Hopelessness is a shield to rejection and failure. No hope > no trying > no failure. Usually it comes from some failures in the past where a huge leap was met with failure where hopes got smashed. Interestingly even success might feel like a failure to those with protective hopelessness: success may make them feel that they have to live up to the success. It’s like the mind is saying “great job, but this is only step one, and we’ve got an endless number of steps remaining.”
Conditional Love
For some people, the nature of their depression is a feeling of internal worthlessness. They hold the idea that their worth is dependent on their performance. If they stumble, they start to think poorly about themselves. As they think of themselves as incapable, they start to perform worse, which in turn makes them feel even more incapable.
Confitional love almost always starts from childhood where parents (un)intentionally teach their child that their worth is conditional on their performance. Like other samaskaras from they childhood this is also usually very deep rooted as behavioral reinforcement is more effective the younger the person.
This is a hard one to fix by the one suffering from conditional love samaskara because each failure is a hit to their confidence and faith in themselves. Failure to fix becomes a failure in itself and so on. It is really important to look for intrinsic value and to really catch these thought loops and patterns. It is important to consider upbringing and treatment from parents.
The Fantasy Trap
Our mind actually uses negative emotion to motivate us to change. However, our mind has a coping mechanism – fantasy – that protects us from negative emotion. Unfortunately, getting caught up in fantasy can lead us to be trapped in a false world – where we dream and dream, and never make change.
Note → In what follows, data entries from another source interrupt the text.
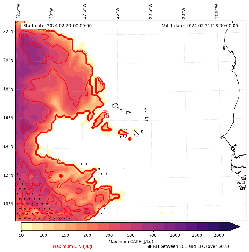 - Maximum CAPE (J/Kg)
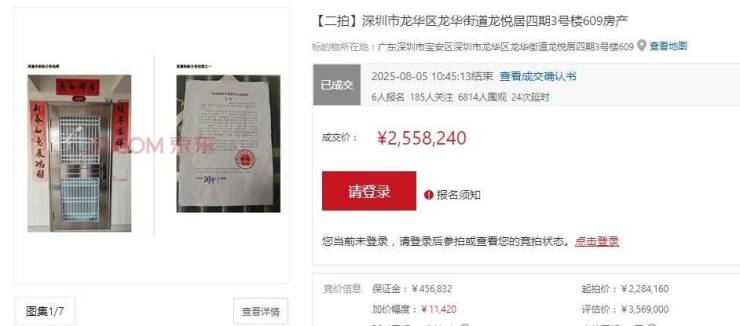 而原业主于2017年买入这套房,当时的登记价是1875.6万,本来法拍起拍价还不到购入价,成交价却直接让这套房的账面多出1558万。
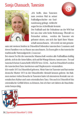 Düsseldorfer Anzeiger: Fußball-Weltmeisterschaft Deutschland 2006: "Bauchtänzerin Soraya drückt die Daumen für die tunesische Fußball-Nationalmannschaft" -
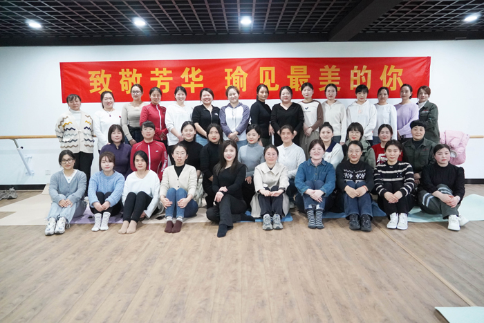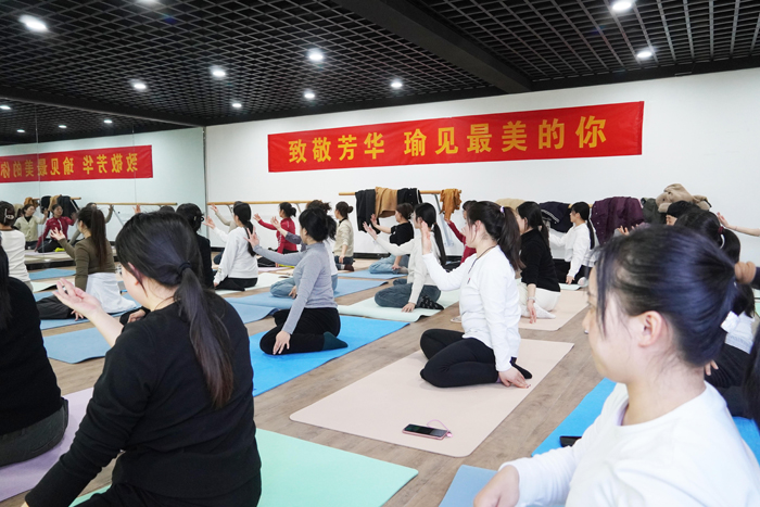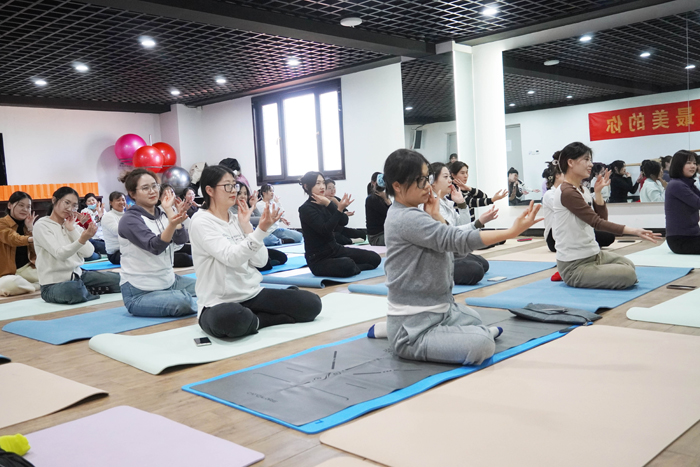 安全公司在文體中心瑜伽館邀請了38名女職工,為她們精心準(zhǔn)備了一場瑜伽公開課。
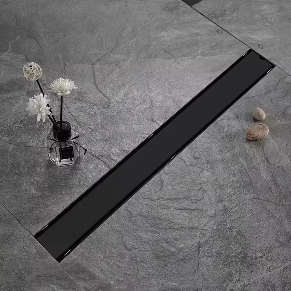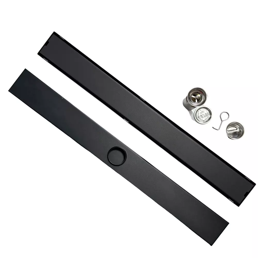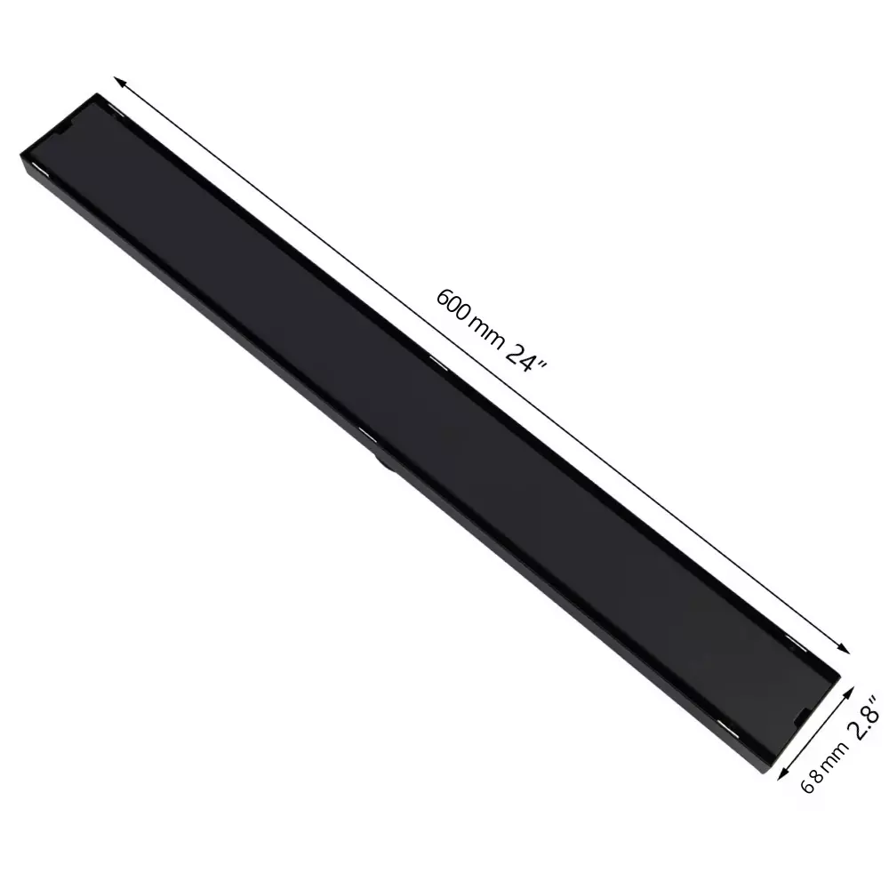 Трап для душу та ванної кімнати під плитку з нержавіючої сталі для зливу води, лінійний, підлоговий 60х6. 8х2 см,чорний

Hopelessness can come from this feeling that what happened in the past is definitive and also paved the way for the present and future with no hope of changing it. Regret about the past can become fantasy: all the woulda, shoulda, couldas. It is really easy to get into these thoughts about “how life would be if I had done X, Y, Z” and the mind can really get a sense of truimph from these fantasies.
This is quite dangerous as the brain actually learns from negative emotions. Negative emotions spur and lead change, but fantasy can kind of drain all the negative emotion away.